* _Data for this task_
===============

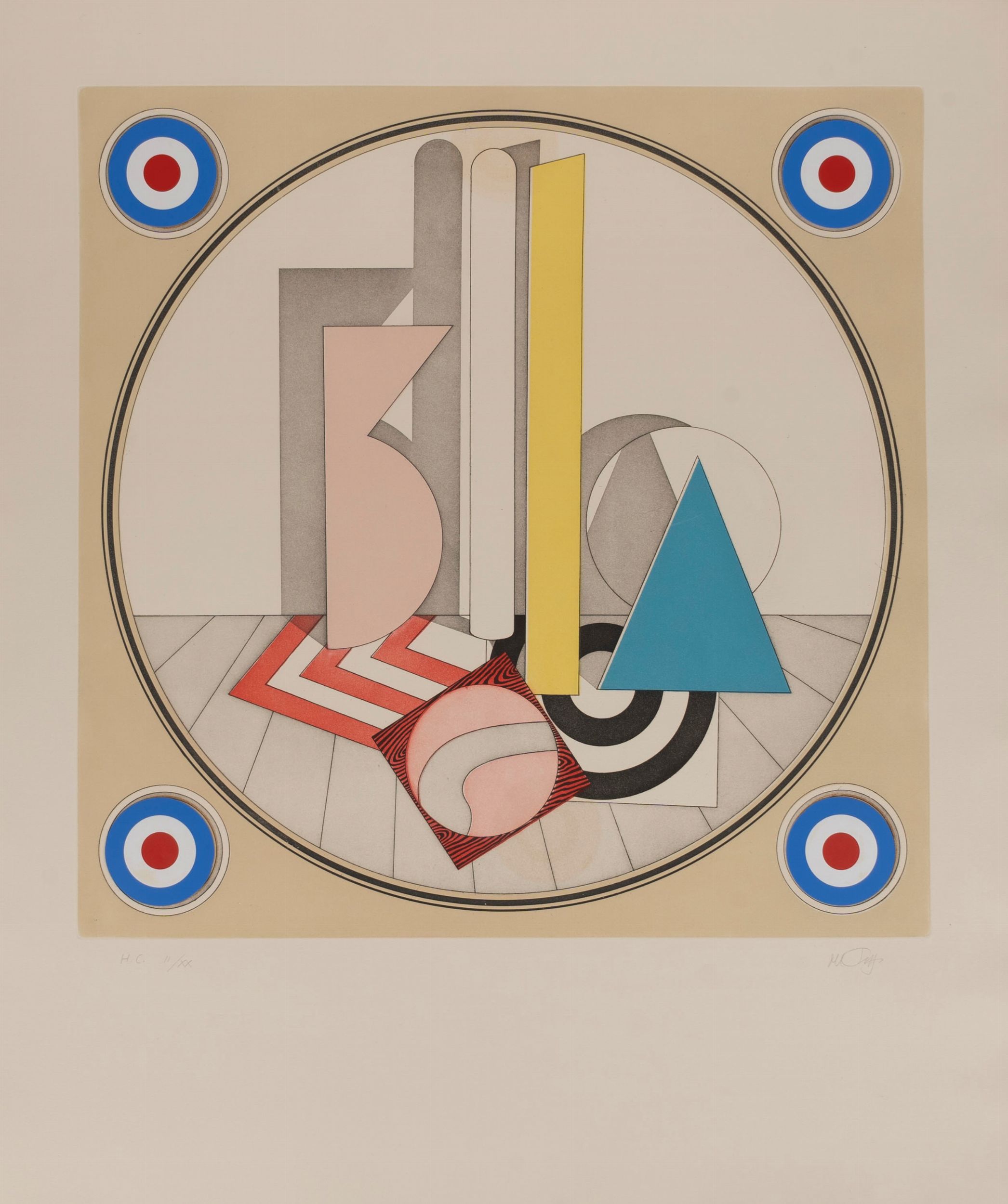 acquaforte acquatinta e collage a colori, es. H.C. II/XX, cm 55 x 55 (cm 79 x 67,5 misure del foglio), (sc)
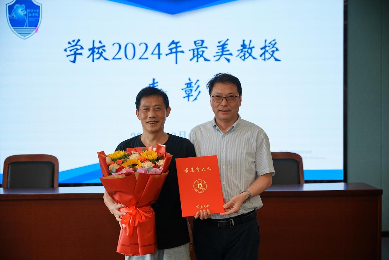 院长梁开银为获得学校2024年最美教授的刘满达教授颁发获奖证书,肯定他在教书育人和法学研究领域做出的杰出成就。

===============

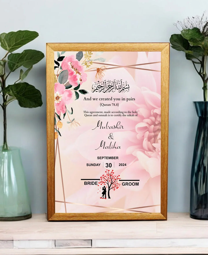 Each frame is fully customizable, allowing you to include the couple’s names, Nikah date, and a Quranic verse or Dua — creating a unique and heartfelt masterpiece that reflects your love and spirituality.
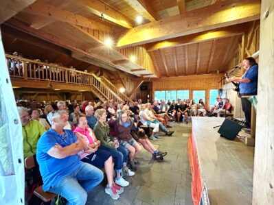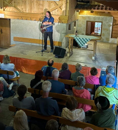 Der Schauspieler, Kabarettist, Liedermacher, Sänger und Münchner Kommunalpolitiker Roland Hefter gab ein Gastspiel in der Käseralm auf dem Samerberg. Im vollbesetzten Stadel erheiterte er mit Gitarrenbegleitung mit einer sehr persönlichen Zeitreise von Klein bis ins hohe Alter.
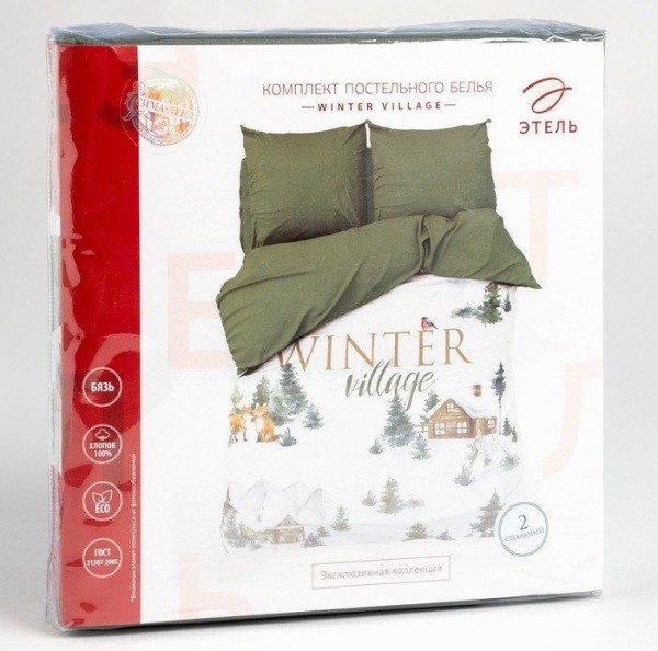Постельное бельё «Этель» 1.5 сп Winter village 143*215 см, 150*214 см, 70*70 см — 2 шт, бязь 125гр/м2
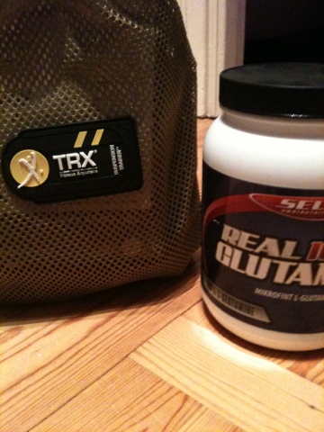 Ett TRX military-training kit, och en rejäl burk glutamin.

===============

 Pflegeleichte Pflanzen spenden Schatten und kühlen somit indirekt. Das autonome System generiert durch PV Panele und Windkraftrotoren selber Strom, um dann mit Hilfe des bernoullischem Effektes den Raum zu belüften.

===============

* _What you should do_
Transcribe, from the material above, the stretch starting at the line with "acquaforte acquatinta e" and ending at the line with "院长梁开银为获得学校2024", both included, exactly. Do not carry over pictures.

* _Answer to this task_
 acquaforte acquatinta e collage a colori, es. H.C. II/XX, cm 55 x 55 (cm 79 x 67,5 misure del foglio), (sc)
 院长梁开银为获得学校2024年最美教授的刘满达教授颁发获奖证书,肯定他在教书育人和法学研究领域做出的杰出成就。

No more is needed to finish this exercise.